El tercer capítulo, sobre “el sentido y comprensión de la historia” replantea las grandes cuestiones del historicismo y de la conocida crítica popperiana. La revisión se dirige especialmente contra el intento gadameriano de una “hermenéutica universal”, a la que acusa de conducir al relativismo postmoderno, y frente a la cual reivindica una vez más el papel regulativo del conocimiento científico y su superioridad en todos los campos de la comprensión humana.
El cuarto y último capítulo está dedicado a la religión, bajo el título: “Conocimiento, fe y conciencia salvífica: sobre la crítica de la religión pura y de la cosmovisión religiosa” (139–188). El punto de partida, como en otros capítulos, es la teorización kantiana y el principio moderno de inconmensurabilidad entre la fe y la razón. Entiende el autor, de forma cuanto menos discutible, que en Kant la tesis de la existencia de Dios no juega ningún papel en la fundación del conocimiento y la moral, sino que se trata sólo de una “tesis de fe” (139). A pesar de que –en su opinión– Kant dio por zanjada la cuestión, es consciente de la constante preocupación moderna por el tema de la religión, y propone el realismo crítico que aporta la ciencia como nueva vía de revisión del tema.
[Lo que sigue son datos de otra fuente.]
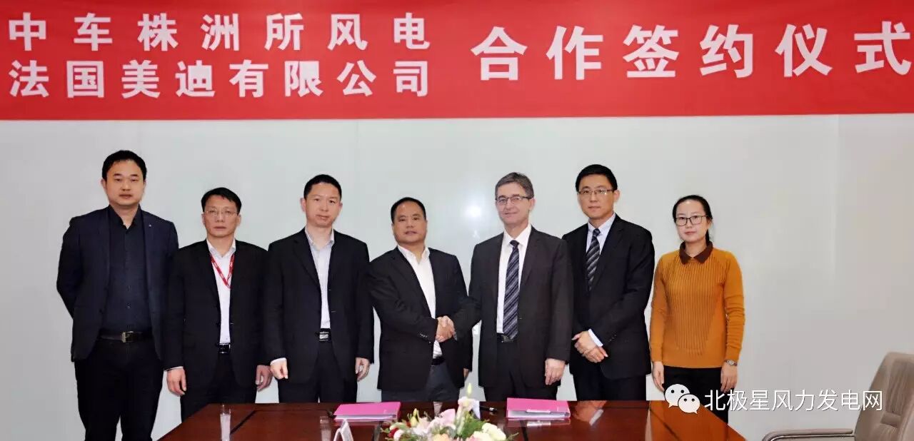 2017年2月17日,中国中车旗下株洲所风电与法国美迪公司在湖南株洲签订项目合作协议,双方代表中车株洲所风电总经理彭华文、法国美迪CEO Didier DELAUNAY在协议上签字。这是继2016年11月底中车株洲所签约国家气候中心后的又一项重要签约。

La cuestión de la compatibilidad con la ciencia moderna es de hecho el gran test al que somete el autor a la religión. La concurrencia se produce fundamentalmente a nivel cognitivo; pero se plantea en torno a la existencia de un tipo de exigencias cuya solución parece que sólo puede ser provista por el conocimiento religioso. La propuesta de Schleirmacher de una “religión pura”, es decir inmune ante la crítica e imprescindible para cada ser humano, se convierte en la visión de Albert en el núcleo duro de la apologética moderna, aunque ya es, de partida, una vía débil, pues no se corresponde con la religión positiva, sino con su forma esencial. La investigación prosigue para recuperar la idea de cristianismo como “tecnología de la salvación” (Heilstechnologie) (155), es decir una cosmovisión tendente a influir el comportamiento de los fieles en orden a conseguir determinados fines, ajena al problema de la verdad de sus creencias. La cuestión que deriva de la existencia de “necesidades específicamente religiosas” encuentra una respuesta sólo parcial con la alusión a una “ciencia real de lo humano” que incluye una “economía” en sentido amplio y en grado de satisfacer amplias aspiraciones personales (164).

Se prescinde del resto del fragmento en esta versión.